Once you find the line below that has "West's Sunday afternoon", output it and every line after it exactly, stopping after the line that has "Fig. 10.4 Gangaikonda Cholapuram c. 1030 AD", with no pictures.

LISTED ENTRIES.
Segment Open

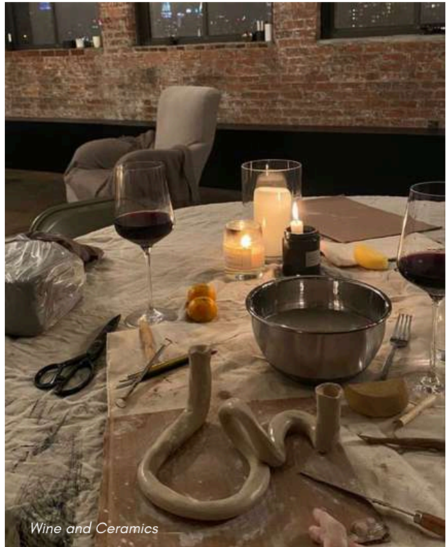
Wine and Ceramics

Segment Closed
Segment Open

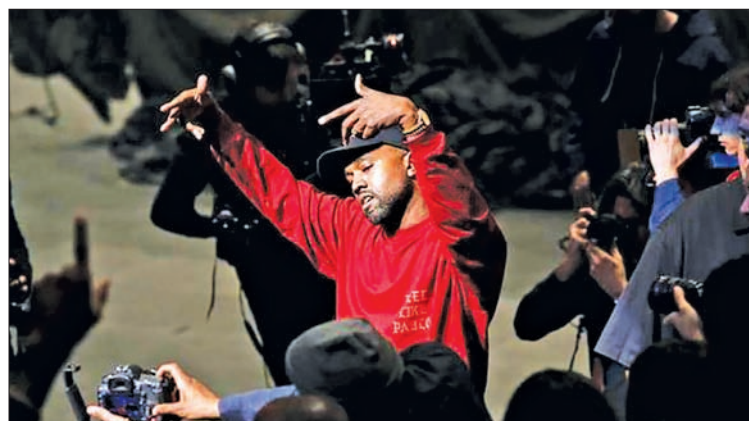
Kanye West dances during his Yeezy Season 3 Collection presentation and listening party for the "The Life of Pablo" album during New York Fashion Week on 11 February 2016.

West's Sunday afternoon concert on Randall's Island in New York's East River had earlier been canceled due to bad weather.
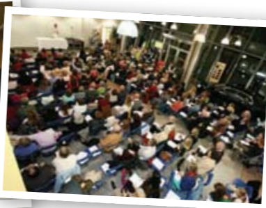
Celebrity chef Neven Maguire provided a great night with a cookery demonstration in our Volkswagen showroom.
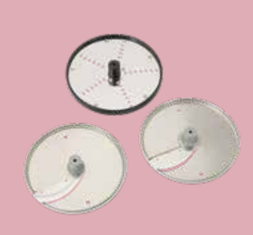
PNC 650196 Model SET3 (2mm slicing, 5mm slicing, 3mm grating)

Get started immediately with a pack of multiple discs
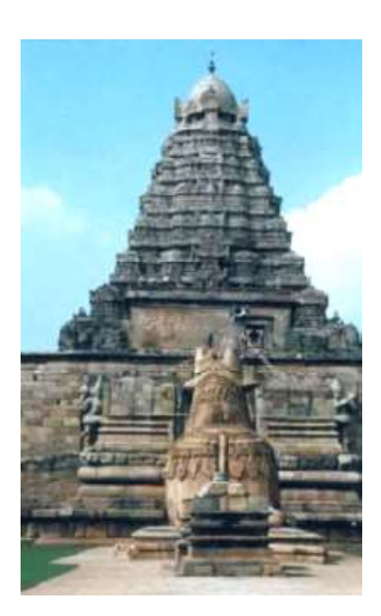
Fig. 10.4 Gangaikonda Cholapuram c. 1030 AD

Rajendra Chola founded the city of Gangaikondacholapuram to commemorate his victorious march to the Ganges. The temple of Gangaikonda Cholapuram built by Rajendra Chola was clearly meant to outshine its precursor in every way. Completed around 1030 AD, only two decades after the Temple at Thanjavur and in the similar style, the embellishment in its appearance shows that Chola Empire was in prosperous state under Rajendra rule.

Segment Closed
Segment Open

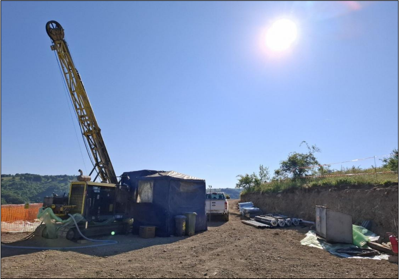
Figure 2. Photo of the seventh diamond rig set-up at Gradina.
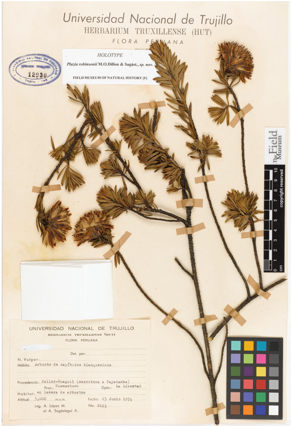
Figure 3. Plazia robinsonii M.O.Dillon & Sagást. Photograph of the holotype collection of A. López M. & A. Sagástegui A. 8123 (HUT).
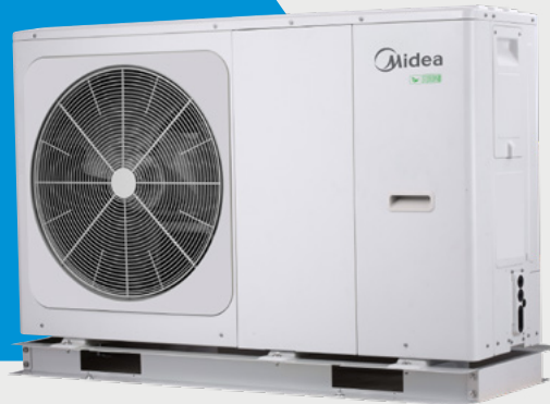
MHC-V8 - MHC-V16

Segment Closed

OUTPUT OF THE TASK.
West's Sunday afternoon concert on Randall's Island in New York's East River had earlier been canceled due to bad weather.
Celebrity chef Neven Maguire provided a great night with a cookery demonstration in our Volkswagen showroom.
PNC 650196 Model SET3 (2mm slicing, 5mm slicing, 3mm grating)

Get started immediately with a pack of multiple discs
Fig. 10.4 Gangaikonda Cholapuram c. 1030 AD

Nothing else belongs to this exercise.